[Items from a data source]

-- Opening Marker --

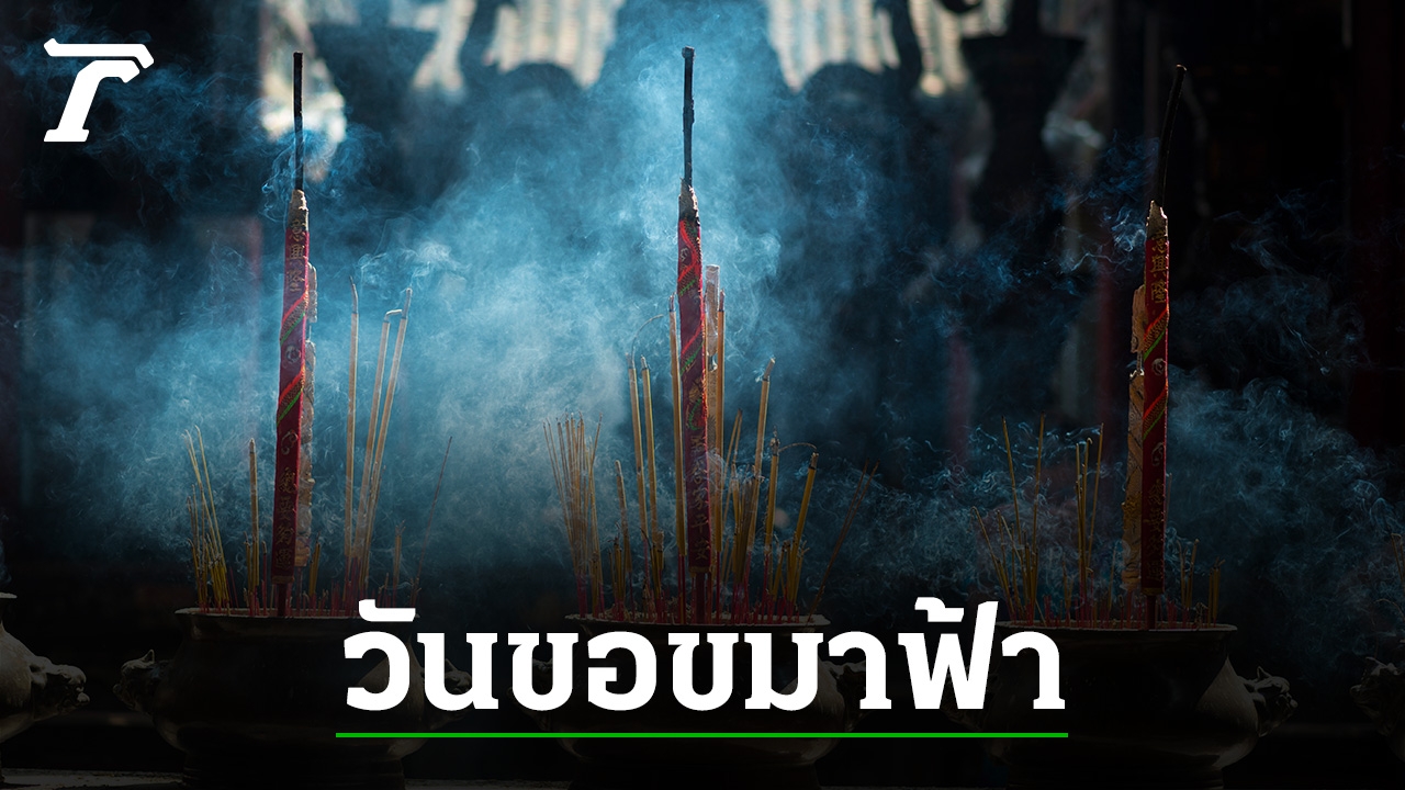 ในวันฟ้าอภัยแบบนี้ข้าพเจ้าขอมาต่อฟ้าและสิ่งศักดิ์สิทธิ์ที่เคยล่วงเกินลบหลู่ เคยบนบานศาลกล่าวหรือติดค้างท่านไว้ ไม่ว่าชาติใดไม่ว่าเจนตาหรือไม่เจตนาก็ดีไม่ว่าจะล่วงเกินทั้งกายวาจาและใจ ข้าพเจ้าขอขมาต่อฟ้า และฟ้าจงโปรดให้อภัย ยกโทษให้ข้าพเจ้า
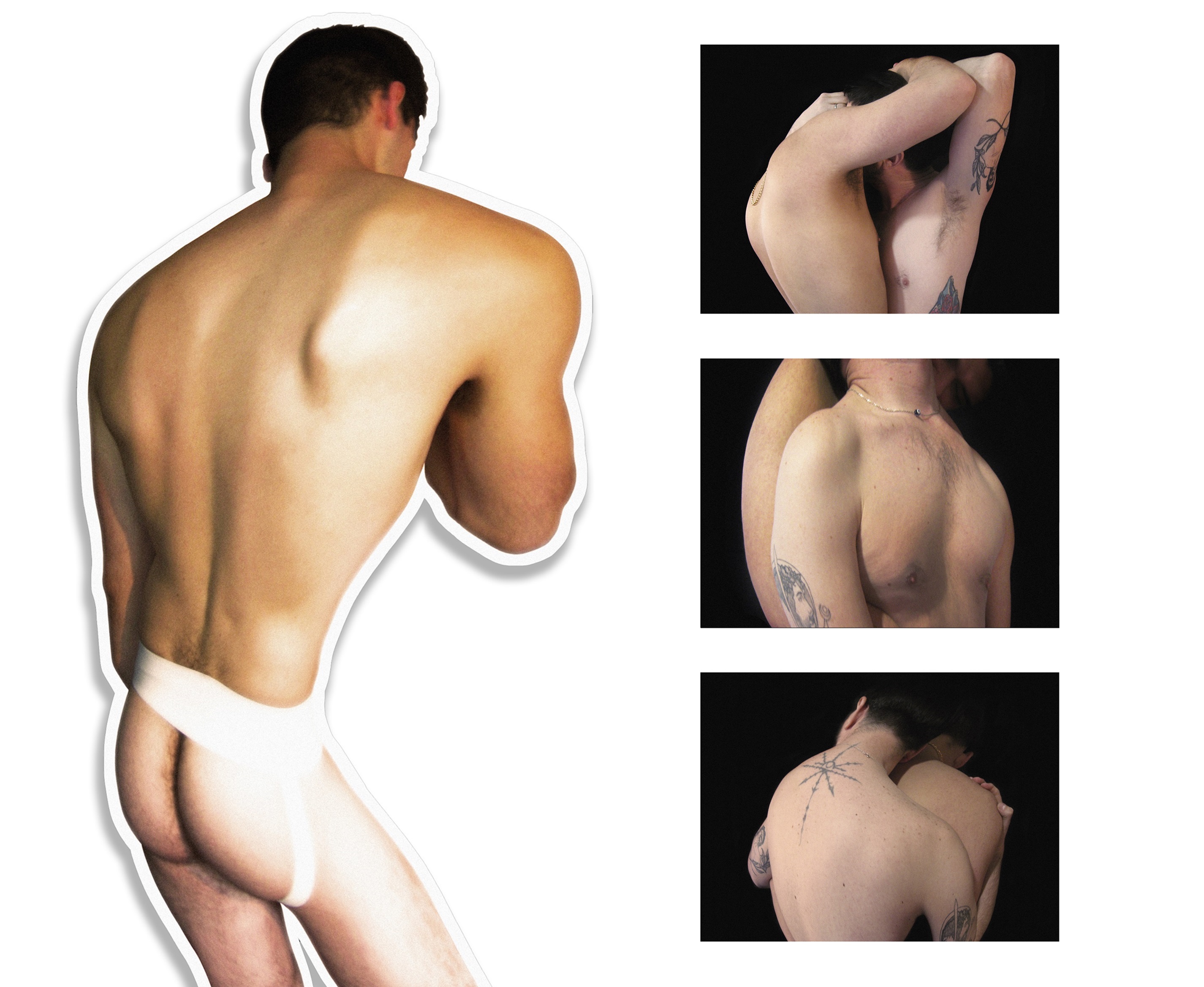 El protagonismo del cuerpo masculino parece sin duda el punto unificador más evidente entre los tres artistas y sus obras. Es pertinente destacar, por tanto, las distintas corporalidades que aparecen en la exposición y sus posibles significancias. Un aspecto que llama la atención es la persistencia en la representación de corporalidades jóvenes, blanco-mestizas, delgadas-tonificadas, que bien pueden unificarse bajo la catalogación de belleza masculina hegemónica. Son cuerpos cuya apariencia forma parte del canon actual del objeto de deseo que opera de forma masiva sobre personas de diversas orientaciones sexuales.
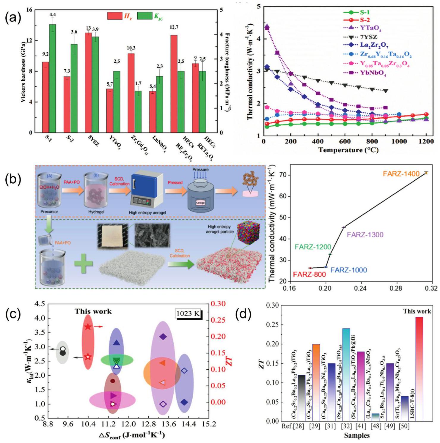 Fig. 13. (a) Mechanical property comparisons between dual-phase zirconate/tantalate HECs, 8YSZ, YTaO4, and others. Reproduced from Ref [204]. Copyright Elsevier 2024. (b) The fabrication process of (YErYbGdLa) 2Zr2O7 ceramic aerogel and its thermal insulating properties. Reproduced from Ref [52]. Copyright Elsevier 2024. (c) Comparison of PF (power factor) and ZT of ceramics with reported high-entropy perovskites at x=0.10. Reproduced from Ref [202]. Copyright Elsevier 2023. (d) Comparison of the ZT in this study with those of previously reported high-entropy perovskites. Reproduced from Ref [203]. Copyright Elsevier 2024. |
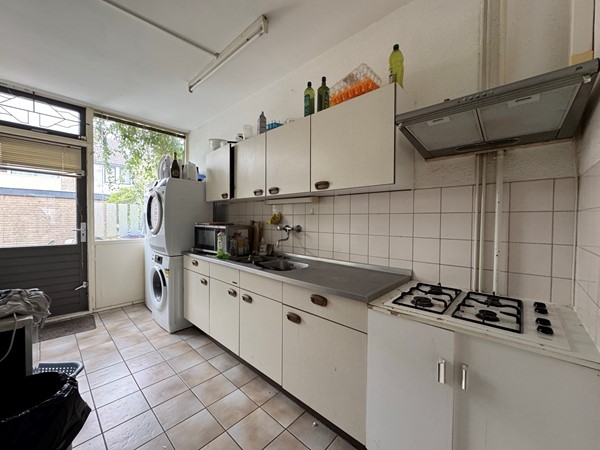 Kamer 3 is gelegen op de eerste verdieping aan de voorzijde van het pand en heeft een oppervlakte van circa 14,19 m². De badkamer bevindt zich op dezelfde verdieping en wordt gedeeld met vijf medebewoners. De gedeelde keuken is ruim en voorzien van alle noodzakelijke gemakken. Daarnaast is er een achtertuin en een praktische berging aanwezig.
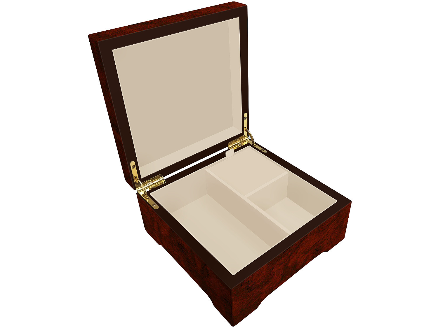 Deze doos is voorzien van twee opbergvakken die ruimte bieden voor allerlei sieraden. De gehele binnenzijde is gestoffeerd met een crèmekleurige velours. Aan de rechterzijde bevindt zich onder het afneembare afdekplaatje het 18-tonige Böhme speelwerk dat is gemaakt van goudkleurig metaal. Het plaatje kan eenvoudig worden verwijderd om de werking van het mechanisme te bekijken. Aan de onderzijde, die is bekleed met een bordeauxrode velours, zit een vleugelmoer om het mechanisme mee op te winden. Als vervolgens het deksel van de doos wordt geopend begint de melodie te spelen, na sluiting stopt deze ook weer.
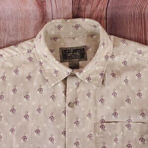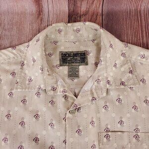 Local Motion Original Aloha Mens Size Medium Beige Floral Hawaiian Short Sleeve Button Up Shirt
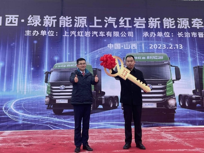 本着低能耗、低排放、低成本的发展方针,着力于长治当地的经济发展和蓝天碧水,绿新能源科技(山西)有限公司将在未来两年内持续增加上汽红岩新能源运营车辆,用于其公司所在的潞铁现代智慧物流园内,大宗煤炭、矿石等集装箱的国道短倒运输。该应用项目的成功开展,将助力潞铁现代智慧物流园成为中东部地区最大的物流煤炭交易、运输平台,更将在长治区域竖起零碳绿运的示范典型,作为山西省试点项目进行全省推广。上汽红岩汽车有限公司总经理楼建平在致辞中表示:“今天,以新能源牵引车批量交付为起点,我们有理由相信,在将来,我们与潞城区政府、山西绿新能源携手,共同推进新能源生态圈建设,在长治这块红色的土地,‘太行精神’将放射出新时代的光芒。”
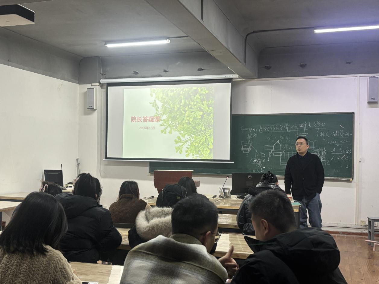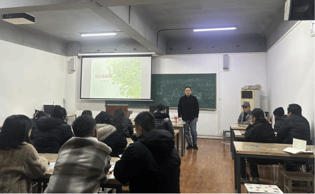 在艺设楼东北210举办院长教学答疑课。院长石元伍、党委书记刘元文、副院长曹凯、党委副书记吴双、各专业系主任及各年级学生代表参与本次活动。

-- Closing Marker --

-- EXERCISE AIM --
Each record above should be duplicated word for word, with no pictures included.

-- ANSWER FOR THIS EXERCISE --
 ในวันฟ้าอภัยแบบนี้ข้าพเจ้าขอมาต่อฟ้าและสิ่งศักดิ์สิทธิ์ที่เคยล่วงเกินลบหลู่ เคยบนบานศาลกล่าวหรือติดค้างท่านไว้ ไม่ว่าชาติใดไม่ว่าเจนตาหรือไม่เจตนาก็ดีไม่ว่าจะล่วงเกินทั้งกายวาจาและใจ ข้าพเจ้าขอขมาต่อฟ้า และฟ้าจงโปรดให้อภัย ยกโทษให้ข้าพเจ้า
 El protagonismo del cuerpo masculino parece sin duda el punto unificador más evidente entre los tres artistas y sus obras. Es pertinente destacar, por tanto, las distintas corporalidades que aparecen en la exposición y sus posibles significancias. Un aspecto que llama la atención es la persistencia en la representación de corporalidades jóvenes, blanco-mestizas, delgadas-tonificadas, que bien pueden unificarse bajo la catalogación de belleza masculina hegemónica. Son cuerpos cuya apariencia forma parte del canon actual del objeto de deseo que opera de forma masiva sobre personas de diversas orientaciones sexuales.
 Fig. 13. (a) Mechanical property comparisons between dual-phase zirconate/tantalate HECs, 8YSZ, YTaO4, and others. Reproduced from Ref [204]. Copyright Elsevier 2024. (b) The fabrication process of (YErYbGdLa) 2Zr2O7 ceramic aerogel and its thermal insulating properties. Reproduced from Ref [52]. Copyright Elsevier 2024. (c) Comparison of PF (power factor) and ZT of ceramics with reported high-entropy perovskites at x=0.10. Reproduced from Ref [202]. Copyright Elsevier 2023. (d) Comparison of the ZT in this study with those of previously reported high-entropy perovskites. Reproduced from Ref [203]. Copyright Elsevier 2024. |
 Kamer 3 is gelegen op de eerste verdieping aan de voorzijde van het pand en heeft een oppervlakte van circa 14,19 m². De badkamer bevindt zich op dezelfde verdieping en wordt gedeeld met vijf medebewoners. De gedeelde keuken is ruim en voorzien van alle noodzakelijke gemakken. Daarnaast is er een achtertuin en een praktische berging aanwezig.
 Deze doos is voorzien van twee opbergvakken die ruimte bieden voor allerlei sieraden. De gehele binnenzijde is gestoffeerd met een crèmekleurige velours. Aan de rechterzijde bevindt zich onder het afneembare afdekplaatje het 18-tonige Böhme speelwerk dat is gemaakt van goudkleurig metaal. Het plaatje kan eenvoudig worden verwijderd om de werking van het mechanisme te bekijken. Aan de onderzijde, die is bekleed met een bordeauxrode velours, zit een vleugelmoer om het mechanisme mee op te winden. Als vervolgens het deksel van de doos wordt geopend begint de melodie te spelen, na sluiting stopt deze ook weer.
 Local Motion Original Aloha Mens Size Medium Beige Floral Hawaiian Short Sleeve Button Up Shirt
 本着低能耗、低排放、低成本的发展方针,着力于长治当地的经济发展和蓝天碧水,绿新能源科技(山西)有限公司将在未来两年内持续增加上汽红岩新能源运营车辆,用于其公司所在的潞铁现代智慧物流园内,大宗煤炭、矿石等集装箱的国道短倒运输。该应用项目的成功开展,将助力潞铁现代智慧物流园成为中东部地区最大的物流煤炭交易、运输平台,更将在长治区域竖起零碳绿运的示范典型,作为山西省试点项目进行全省推广。上汽红岩汽车有限公司总经理楼建平在致辞中表示:“今天,以新能源牵引车批量交付为起点,我们有理由相信,在将来,我们与潞城区政府、山西绿新能源携手,共同推进新能源生态圈建设,在长治这块红色的土地,‘太行精神’将放射出新时代的光芒。”
 在艺设楼东北210举办院长教学答疑课。院长石元伍、党委书记刘元文、副院长曹凯、党委副书记吴双、各专业系主任及各年级学生代表参与本次活动。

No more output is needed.